The source for following the minhagim of ones father is a Gemara Pesachim (50b):

בני ביישן נהוג דלא הוו אזלין מצור לצידון במעלי שבתא אתו בנייהו קמיה דרבי יוחנן אמרו לו אבהתין אפשר להו אנן לא אפשר לן אמר להו כבר קיבלו אבותיכם עליהם שנאמר שמע בני מוסר אביך ואל תטוש תורת אמך

"Bnei Beishan" complained to R' Yochanan that the custom their father had adopted not to go to the market on Fridays was not financially viable for them, and they wanted to scrap this custom. R' Yochanan replied 'Your fathers already accepted this custom upon themselves', ruling that they were bound to keep this custom, citing the verse 'שמע בני מוסר אביך'.

The Rivash (and many Poskim in his footsteps) opines that a minhag is binding, sourcing his claim from Pesachim 50b. He writes (§399):

ועוד שאפילו בדברים שלא קבלו עליהם בני העיר בהסכמה, אלא שנהגו כן מעצמם לעשות גדר וסייג לתורה אף הבנים חייבין לנהוג בותו גדר, כדאמרינן במסכת פסחים בני בישן נהגו וכו׳ אמר להו כבר קבלו עליהם אבותיכם וכתיב שמע בני מוסר אביך ואל תטוש תורת אמך. ואם לא היה ביד האבות לתקן על הבנים איך היו הבנים אסורין במה שנהגו בו אסור האבות מעצמם וכו׳.
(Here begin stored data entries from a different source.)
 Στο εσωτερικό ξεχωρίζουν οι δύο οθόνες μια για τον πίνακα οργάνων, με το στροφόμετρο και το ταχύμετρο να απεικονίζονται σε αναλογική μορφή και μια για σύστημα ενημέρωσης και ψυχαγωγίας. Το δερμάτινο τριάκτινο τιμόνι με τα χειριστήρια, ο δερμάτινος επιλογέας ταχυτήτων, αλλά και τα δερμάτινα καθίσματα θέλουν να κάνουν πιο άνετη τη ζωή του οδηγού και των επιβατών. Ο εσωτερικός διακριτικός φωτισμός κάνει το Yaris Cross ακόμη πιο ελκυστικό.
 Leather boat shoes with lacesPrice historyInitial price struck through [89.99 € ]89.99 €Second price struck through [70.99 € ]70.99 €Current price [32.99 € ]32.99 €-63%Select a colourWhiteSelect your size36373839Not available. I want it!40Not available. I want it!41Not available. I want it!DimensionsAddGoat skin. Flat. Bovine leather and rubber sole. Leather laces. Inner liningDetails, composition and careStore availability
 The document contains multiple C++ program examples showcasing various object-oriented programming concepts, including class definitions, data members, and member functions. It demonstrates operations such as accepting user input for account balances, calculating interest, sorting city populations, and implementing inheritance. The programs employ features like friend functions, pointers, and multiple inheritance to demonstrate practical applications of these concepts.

However, the Pischei Teshuva Shulchan Aruch (YOD 214:5) quotes the Zichron Yosef who limits this law:

והעלה דאין הבן מחוייב להתנהג בהנהגת אביו זולת מה שהתנהג גם הבן מאז שהגדיל שהרגילוהו אבותיו ללכת בדרכיהם, ועל אופן זה מיירי נמי המחבר שכתב קבלת הרבים חלה עליהם ועל זרעם דהיינו שכבר נהגו כן יושבי עיר וזרעם והוי כנדרו גם לזרעם ולהכי חייבים לישות כתקנתם, מה שאין כן אם הבן לא התחיל להתנהג מעולם כמנהג הטוב של אביו אין הבן מחוייב להתנהג בפרישות ההוא

In other words, although there is no 'power of tradition' which obligates a son to follow the practices of his father, if the son was raised by his father and therefore [from the age of reaching adulthood] practiced his fathers customs, he would be obligated to follow them, similar to a נדר לדבר מצוה which can be caused simply by performing a good practice without the disclaimer that you do not want to make a נדר.
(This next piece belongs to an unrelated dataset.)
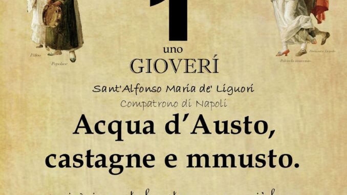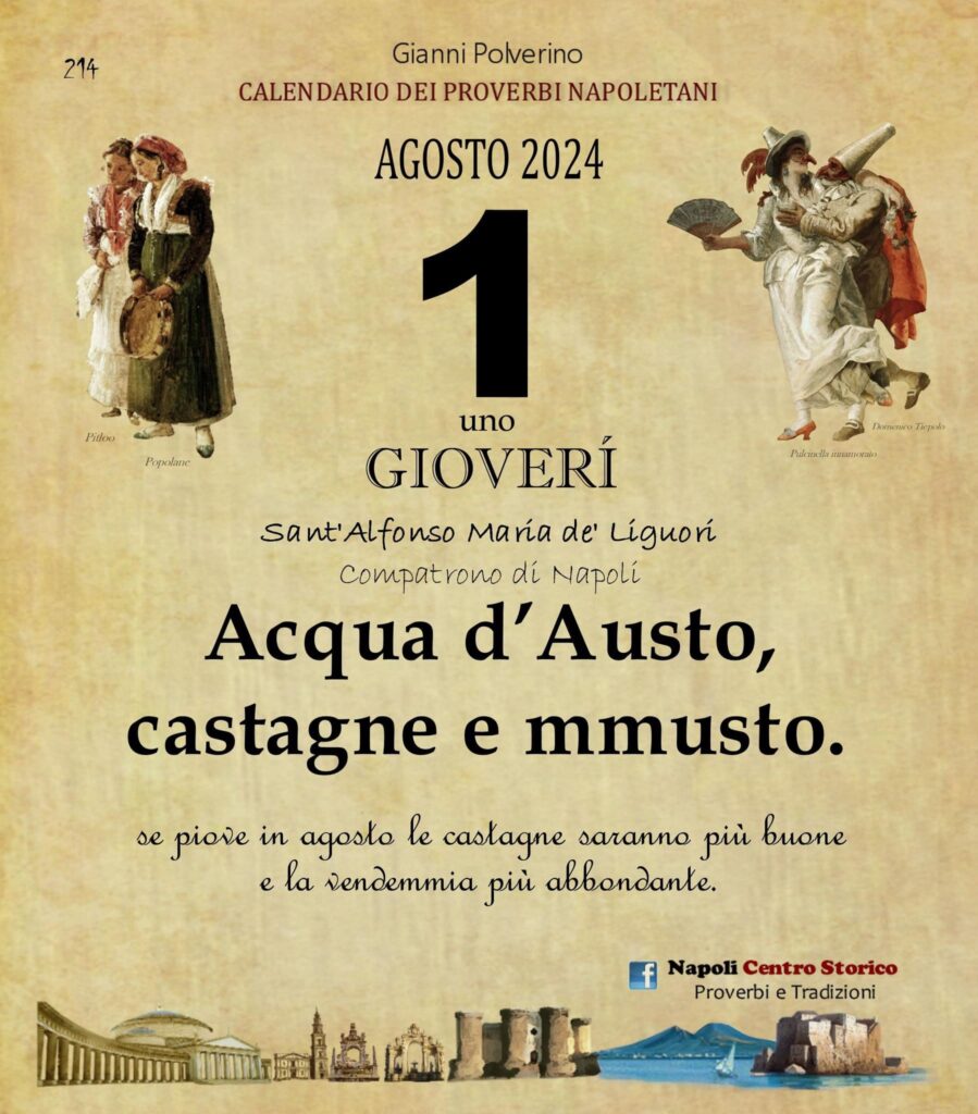 ‘O PRUVERBIO D’ ‘O JUORNO. Giovedì 1 agosto 2024 01/08/2024 binews.it ATTUALITA', EVIDENZA, Il Proverbio del Giorno 0 di Gianni Polverino Acqua d’Austo, castagne e mmusto. se piove in agosto le castagne saranno più buone e la vendemmia più abbondante.

The Chavas Yair (§126) [and Pri Chadash (496, Dinei Minhagei Issur §7)] quotes the Rivash, and writes that it is unreasonable to say that every son must follow every stringency of his father, and proves so lengthily; he concludes that the Gemara Pesachim 50b and the Rivash are not talking about individual families, but the customs of a town, which are halachically binding even to future generations (See Shulchan Aruch 214:2 - קבלת הרבים חלה עליהם ועל זרעם).

The contemporary Poskim (Igros Moshe, Shevet Halevi [5:129, 6:59, 9:193], Minchas Yitzchok [3:144:2]) rule like the abovementioned opinion. For example, R' Moshe Feinstein (Igros Moshe OCH 3:64) rules:

ואם מנהג מקומו היה ג״כ להקל ורק אביו נהג להחמיר אין הבן מחוייב להתנהג אלא אם כבר התנהג גם הבן בעצמו בגדלותו אף שהיה זה ממה שהגדילו אביו ולא מצד בחירת עצמו להחמיר

The Shevet Halevi (6:59) discusses Sephardic students who are enrolled in Ashkenazi yeshivos, and wanted to change certain minhagim (like nusach hatefilla). He writes:

דכל זמן שאין להם טעם מספיק ע״פ הלכה לעזוב מנהג המסור להם איכא בזה גם משום אל תטוש תורת אמיך, וכמובאר בפסחים נ ע״ב ובשו״ע יו״ד סי׳ רי״ד ס״ב קבלת הרבים חלה עליהם ואל זרעם וכו׳ אבל בדבר שקבל על עצמו שבט שלם בכלל ישראל כמו מנהגי הספרדים והכרעותיהם מפני שהם ספרדים ונמשכו אחרי רבותיהם זה כמה מאות בשנה - וכן ההכרעות האשכנזים כרמ״א שזה דבר הנמשך לדורות עולם מכמה מאות שנה בזה נראה דלא צריך דבלה משהגדיך דשורש שבטו ממילא מחייב לנהוג כאבותיו

Although he accepts the opinion of the Zichron Yosef that children are only bound to what they have practiced themselves in adulthood, this is only true of individual practices, not widespread customs for people of a certain 'tribe'.

The Divrei Malkiel (4:66, 5:81) forbids a son of generations who didn't shave their beards to begin shaving, based on the Gemara Pesachim.

  • See Kol Nidrei (Perek 75) for a succinct summary of the various opinions and sources (many more than I cited).
    – chortkov2
    Commented Jul 23, 2019 at 8:40
  • I don't understand your first sentence. All that shows is that Minhagim of a location are binding. Everyone in Beit Shaan had to follow the practice.
    – Double AA
    Commented Jul 23, 2019 at 11:35
  • @DoubleAA - If you would read a little further, R' Yochanan's response was nothing to do with minhag hamakom, but because שמע בני מוסר אביך. Although there are poskim who explain that this 'קבלו אבותיכם' is only for community קבלות (as I mentioned), the simple reading of this Gemara as accepted by various poskim is that there is an obligation to follow the customs of one's father.
    – chortkov2
    Commented Jul 23, 2019 at 13:17
  • I completely disagree with you. The simple reading of that Gemara and that answer is you should listen to the practices of the forebearers of the community, and such is the view of most poskim.